The Contractor Connection
Swinerton demolishes the environmental-construction barrier
Joe Carter -- Interior Design, 10/1/2004 12:00:00 AM
Straw bales estimated to provide an R-30 wall insulation value at the Presentation Center's dining hall in Los Gatos, California.
A Kalwall translucent roof system that supplies 100 percent of daytime illumination at the Puente Learning Center, Los Angeles.
Sunlight softened and diffused by ceiling-mounted deep-cell parabolic diffusers before it arrives in the center's main lobby.
Energy-efficient Founder's Hall at Soka University of America in Aliso Viejo, California.
The university library, featuring the first naturally ventilated smoke-evacuation system in the U.S.
A rendering of San Francisco's M.H. de Young Museum, clad in copper with an 80 percent recycled content.
Recycling 75 percent of demolition debris during the renovation.
Swinerton Builders isn't trying to be trendy when it proclaims its mission "to be recognized as the premier 'green building' contractor in the West." The 116-year-old San Francisco construction giant likes to point out that it was putting up buildings with living roofs and daylight-friendly step-back designs way back in the '70's, 20 years before the founding of the U.S. Green Building Council.
These days, green projects account for 20 percent of Swinerton's port- folio. The company has completed over 50 such jobs in the past decade—for clients including Sony, Pacific Bell, and Gap—and two dozen more LEED contenders are in the works. Daniel Smith & Associates Architects, a Berkeley firm, has hired Swinerton to construct a straw-bale dining hall for the Presentation Center, an interfaith retreat in Los Gatos. For the $135 million renovation of San Francisco's beloved M.H. de Young Museum, Swinerton is working with Pritzker Prize winners Herzog & de Meuron.
"We see green building as a service that all our professionals provide, as opposed to having a separate group," says operations manager Bill Krill, who makes sure that the company's 15 satellite offices are working from the same green playbook. "We've recruited people across the company—accountants, engineers, superintendents, estimators. At this point, green building isn't so much a market as a delivery method."
Those methods have helped Swinerton reap major health and financial benefits for itself, clients, and the community. As a member of the Center for the Built Environment at the University of California at Berkeley, the company is engaged in research to evaluate the effectiveness of under-floor air distribution, task and ambient lighting, and operable windows in addition to their impact on worker productivity. The company even turned its own 67,000-square-foot headquarters into a laboratory for studying environmentally sensitive, energy-efficient construction techniques.
Swinerton tore the building "back to the shell," says Krill, to demonstrate how demolition offers prime opportunities to employ sustainable strategies—as long as it becomes part of the design and construction process early on. "Because we sent all of our debris to Golden Gate Disposal & Recycling, we didn't get charged a premium for materials separation at their landfill," Krill says. "When there's no extra cost, it's a no-brainer."
Communication between the construction crew and the hauler was key to accurate documentation.
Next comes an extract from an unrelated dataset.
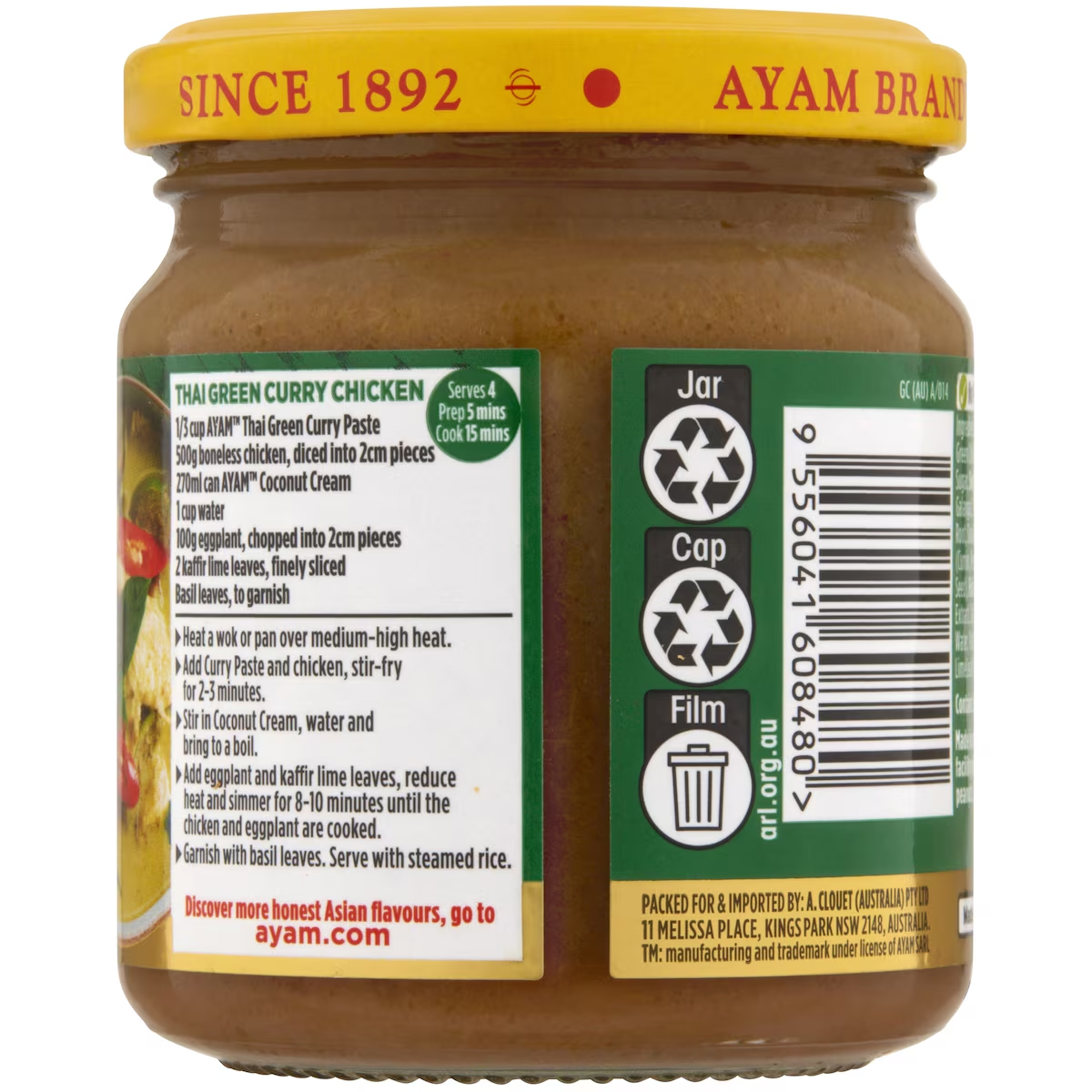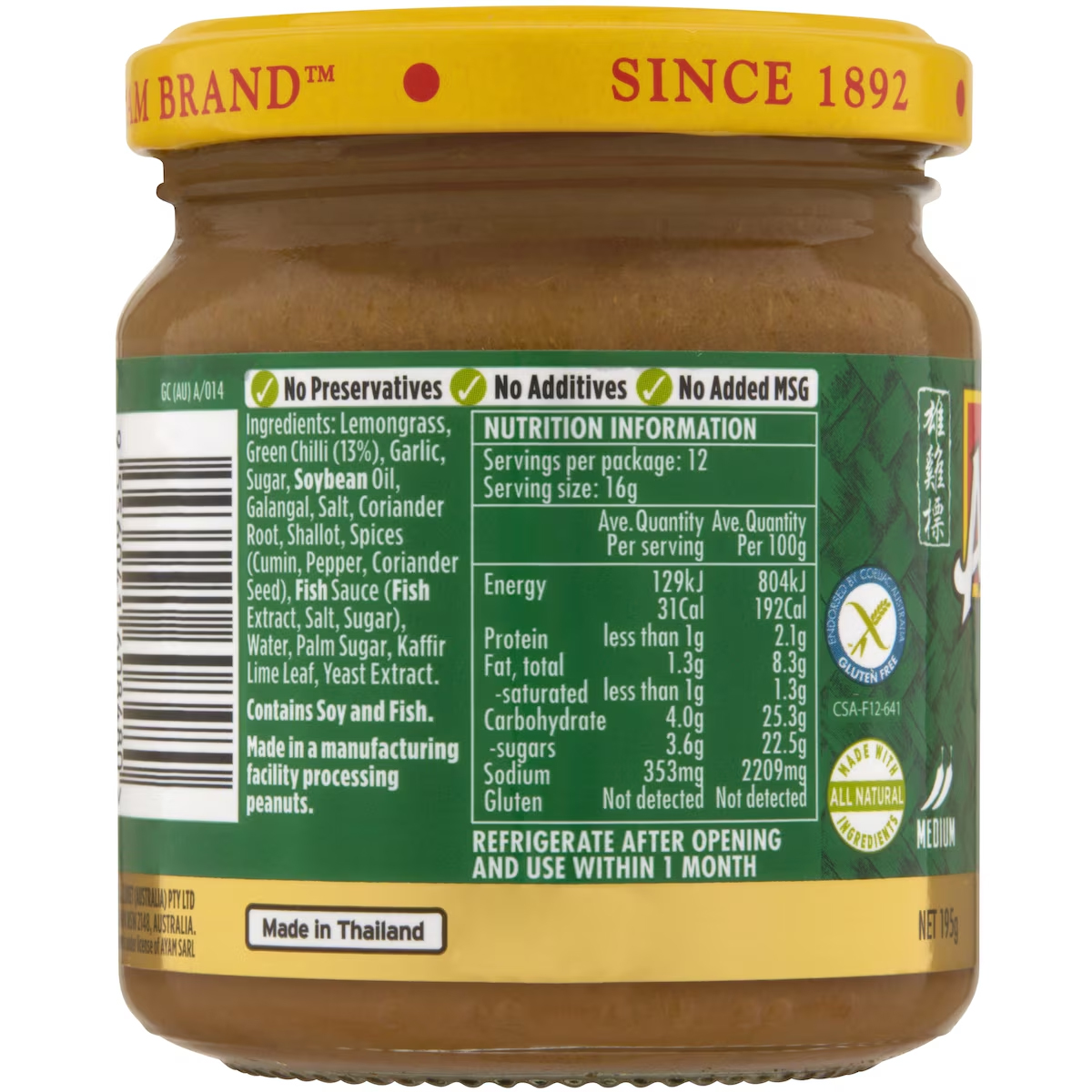 Ingrédients : Citronnelle, piment vert (13 %), ail, sucre, huile de soja, galanga, sel, racine de coriandre, échalote, épices (cumin, poivre, graines de coriandre), sauce de poisson (extrait de poisson, sel, sucre), eau, sucre de palme, feuille de combava, extrait de levure

As a result, 70 percent of the materials were recycled into products, an achievement that the USGBC recognized in awarding the project a LEED-EB gold rating upon completion.
"Seeing our employees in the new headquarters, with the abundant light and improved air quality—there's a definite change," says chairman and CEO Jim Gillette. "Everyone is happier." Certain green strategies can make the numbers-crunchers happier, too, saving money in the short run and reducing costly liability in the future.
Take duct systems and airborne dust. "Make sure all ductwork is capped," Krill cautions. "You can also phase construction, so you don't have lots of trades creating dust when you install the ducts."
An even greater threat comes from moisture's mold potential. "Keeping water out is very important in a green building. We're putting dehumidifiers in some of ours for just that reason," says Krill. "If you get mold in your ductwork, the remediation costs and liability potential are staggering. Dehumidification costs far less."
Amazingly, these critical details are sometimes given short shrift by designers, which is why the 1,200-employee company considers education a major part of the mission. In May, Swinerton cohosted its first Green Building Summit. Eco guru William McDonough gave the keynote address, telling his audience of architects, designers, scholars, and officials that—despite the "next industrial revolution" resulting from environmentally beneficial policies and technologies—a new approach to building would have to succeed on traditional terms. "We use the same criteria that most people do: cost, performance, and aesthetics. But to this we've added: Is it ecologically intelligent? Is it just? And is it fun?" he says. "We have to come up with a strategy of hope."